If you're on a physical system, you can force the OS to disable additional cores. Take care when doing this, try it on a test system first if you're not comfortable with doing things along these lines.
dmesg | grep cpu
to find the apic. You'll have something like:
 cpu0 (BSP): APIC ID:  0
 cpu1 (AP): APIC ID:  2
In /boot/loader.conf.local (create file if it doesn't exist), add:
hint.lapic.2.disabled=1
where 2 is the APIC ID of the cpu1 CPU core to disable. Replace accordingly if yours isn't 2. Add more lines line that for each additional CPU to disable so you only have cpu0 left enabled. Reboot.

Then report back if it happens again. That might suffice as a temporary workaround, and will give us additional data points in finding the specific root cause.

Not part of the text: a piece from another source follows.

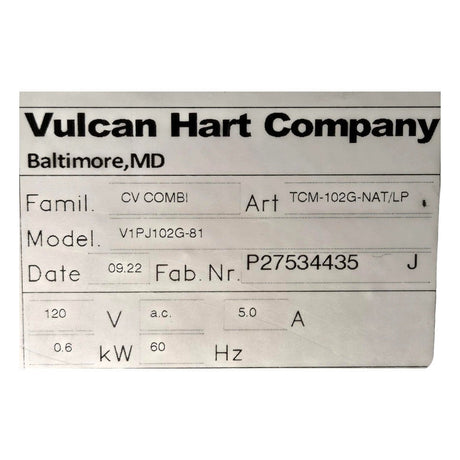 Vulcan V1PJ102G-81 Combi Oven - Natural Gas

AWESOME! Thank you! I will do this and report back. Question, if the system is a dual core with hyper-threading, do the hyper-threads show up as a core as well and do they also need to be disabled?

rlrobs

Someone tried to disable the hyper threading in the bios?

For tests only.

adam65535

I always disable hyperthreading on firewalls so they are disabled on my systems when i had the ~~crash~~ lost packets.

cmb

We've confirmed that the problem no longer occurs after disabling all but one CPU core. So that looks to be a viable immediate workaround for most users. See instructions in my post here.
https://forum.pfsense.org/index.php?topic=110710.msg618388#msg618388

I doubt if Hyperthreading is relevant either way. It happens in any SMP system including ones without HT. Any HT cores will also need to be disabled for the workaround, but not because they're HT, just additional cores.